→ Dataset extract:
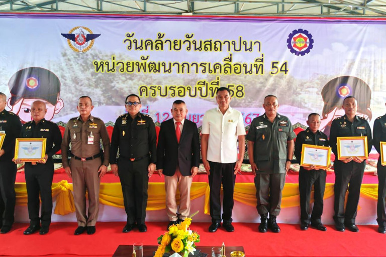 วันที่ 12 ก.ย.67 ที่ หน่วยพัฒนาการเคลื่อนที่ 54 (นพค.54) สำนักงานพัฒนาภาค 5 (สนภ.5) หน่วยบัญชาการทหารพัฒนา (นทพ.) ตำบลตาเบา อำเภอปราสาท จังหวัดสุรินทร์ พันเอก เกียรติศักดิ์ พรมตวง ผู้บังคับหน่วยพัฒนาการเคลื่อนที่ 54 สำนักงานพัฒนาภาค 5 หน่วยบัญชาการทหารพัฒนา เป็นประธานในพิธีทำบุญเนื่องในวันคล้ายวันสถาปนา หน่วย นพค.54 ครบรอบ 58 ปี เพื่ออุทิศส่วนกุศลให้กับกำลังพลที่เสียชีวิต และเพื่อความเป็นสิริมงคลแก่กำลังพลภายในหน่วย จากนั้น ได้มอบใบประกาศเกียรติคุณ เชิดชู เกียรติ ให้กับกำลังพล จำนวน 5 นาย ที่ได้เกษียณอายุราชการ ซึ่งได้ทุ่มเทกำลังกาย กำลังใจเป็นผู้มีวิริยะ อุสาหะ มุ่งมั่นตั้งใจ ในการปฏิบัติงาน สร้างคุณประโยชน์ให้กับหน่วยและประชาชน โดยมี พลตรี รณกรณ์ สายสิญจน์ อดีตผู้บังคับบัญชาหน่วยฯ พันจ่าตรี ทวีช พันธุชิน นายอำเภอปราสาท ตำรวจ ทหาร ตชด.หัวหน้าส่วนราชการ องค์กรปกครองส่วนท้องถิ่น ผู้นำชุมชน และประชาชนในพื้นที่ ร่วมเป็นเกียรติในพิธี
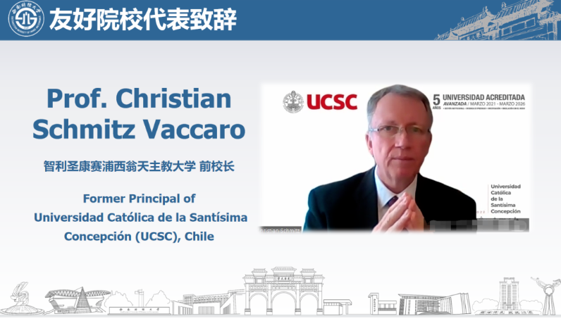 此次开幕式还邀请到拉美友好院校代表发来致辞视频。智利圣康赛浦西翁天主教大学(Universidad Católica de la Santísima Concepción, Chile)前校长Christian Schmitz Vaccaro回顾了两校多年间开展交流合作的丰硕成果,对yl7703永利集团组织此次项目学习表示感谢,并希望学员们通过此次宝贵的线上学习机会,在全球化背景下拥抱跨文化交流,加深对中国文化的了解。此外,他还希望两校间能够持续拓展和深化交流合作,诚挚邀请教师和学生赴圣康赛浦西翁天主教大学开展科研与交流。
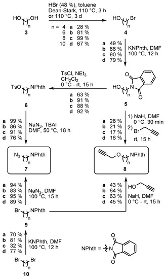 - Kress, K.C.; Kaller, M.; Axenov, K.V.; Tussetschläger, S.; Laschat, S. Synthesis and mesomorphic properties of calamitic malonates and cyanoacetates tethered to 4-cyanobiphenyls. Beilstein J. Org. Chem. 2012, 8, 371–378. [Google Scholar] [CrossRef] [PubMed]
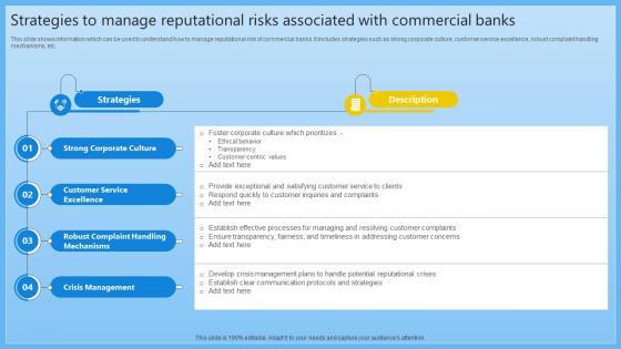 This slide shows information which can be used to understand how to manage reputational risk of commercial banks. It includes strategies such as strong corporate culture, customer service excellence, robust complaint handling mechanisms, etc. Presenting this PowerPoint presentation, titled Strategies To Manage Reputational Risks Associated Complete Guide On Managing Banking Fin SS V, with topics curated by our researchers after extensive research. This editable presentation is available for immediate download and provides attractive features when used. Download now and captivate your audience. Presenting this Strategies To Manage Reputational Risks Associated Complete Guide On Managing Banking Fin SS V. Our researchers have carefully researched and created these slides with all aspects taken into consideration. This is a completely customizable Strategies To Manage Reputational Risks Associated Complete Guide On Managing Banking Fin SS V that is available for immediate downloading. Download now and make an impact on your audience. Highlight the attractive features available with our PPTs. This slide shows information which can be used to understand how to manage reputational risk of commercial banks. It includes strategies such as strong corporate culture, customer service excellence, robust complaint handling mechanisms, etc.

→ What the exercise asks: Without the pictures, give every line of the data again, exactly as written.

→ Response box:
 วันที่ 12 ก.ย.67 ที่ หน่วยพัฒนาการเคลื่อนที่ 54 (นพค.54) สำนักงานพัฒนาภาค 5 (สนภ.5) หน่วยบัญชาการทหารพัฒนา (นทพ.) ตำบลตาเบา อำเภอปราสาท จังหวัดสุรินทร์ พันเอก เกียรติศักดิ์ พรมตวง ผู้บังคับหน่วยพัฒนาการเคลื่อนที่ 54 สำนักงานพัฒนาภาค 5 หน่วยบัญชาการทหารพัฒนา เป็นประธานในพิธีทำบุญเนื่องในวันคล้ายวันสถาปนา หน่วย นพค.54 ครบรอบ 58 ปี เพื่ออุทิศส่วนกุศลให้กับกำลังพลที่เสียชีวิต และเพื่อความเป็นสิริมงคลแก่กำลังพลภายในหน่วย จากนั้น ได้มอบใบประกาศเกียรติคุณ เชิดชู เกียรติ ให้กับกำลังพล จำนวน 5 นาย ที่ได้เกษียณอายุราชการ ซึ่งได้ทุ่มเทกำลังกาย กำลังใจเป็นผู้มีวิริยะ อุสาหะ มุ่งมั่นตั้งใจ ในการปฏิบัติงาน สร้างคุณประโยชน์ให้กับหน่วยและประชาชน โดยมี พลตรี รณกรณ์ สายสิญจน์ อดีตผู้บังคับบัญชาหน่วยฯ พันจ่าตรี ทวีช พันธุชิน นายอำเภอปราสาท ตำรวจ ทหาร ตชด.หัวหน้าส่วนราชการ องค์กรปกครองส่วนท้องถิ่น ผู้นำชุมชน และประชาชนในพื้นที่ ร่วมเป็นเกียรติในพิธี
 此次开幕式还邀请到拉美友好院校代表发来致辞视频。智利圣康赛浦西翁天主教大学(Universidad Católica de la Santísima Concepción, Chile)前校长Christian Schmitz Vaccaro回顾了两校多年间开展交流合作的丰硕成果,对yl7703永利集团组织此次项目学习表示感谢,并希望学员们通过此次宝贵的线上学习机会,在全球化背景下拥抱跨文化交流,加深对中国文化的了解。此外,他还希望两校间能够持续拓展和深化交流合作,诚挚邀请教师和学生赴圣康赛浦西翁天主教大学开展科研与交流。
 - Kress, K.C.; Kaller, M.; Axenov, K.V.; Tussetschläger, S.; Laschat, S. Synthesis and mesomorphic properties of calamitic malonates and cyanoacetates tethered to 4-cyanobiphenyls. Beilstein J. Org. Chem. 2012, 8, 371–378. [Google Scholar] [CrossRef] [PubMed]
 This slide shows information which can be used to understand how to manage reputational risk of commercial banks. It includes strategies such as strong corporate culture, customer service excellence, robust complaint handling mechanisms, etc. Presenting this PowerPoint presentation, titled Strategies To Manage Reputational Risks Associated Complete Guide On Managing Banking Fin SS V, with topics curated by our researchers after extensive research. This editable presentation is available for immediate download and provides attractive features when used. Download now and captivate your audience. Presenting this Strategies To Manage Reputational Risks Associated Complete Guide On Managing Banking Fin SS V. Our researchers have carefully researched and created these slides with all aspects taken into consideration. This is a completely customizable Strategies To Manage Reputational Risks Associated Complete Guide On Managing Banking Fin SS V that is available for immediate downloading. Download now and make an impact on your audience. Highlight the attractive features available with our PPTs. This slide shows information which can be used to understand how to manage reputational risk of commercial banks. It includes strategies such as strong corporate culture, customer service excellence, robust complaint handling mechanisms, etc.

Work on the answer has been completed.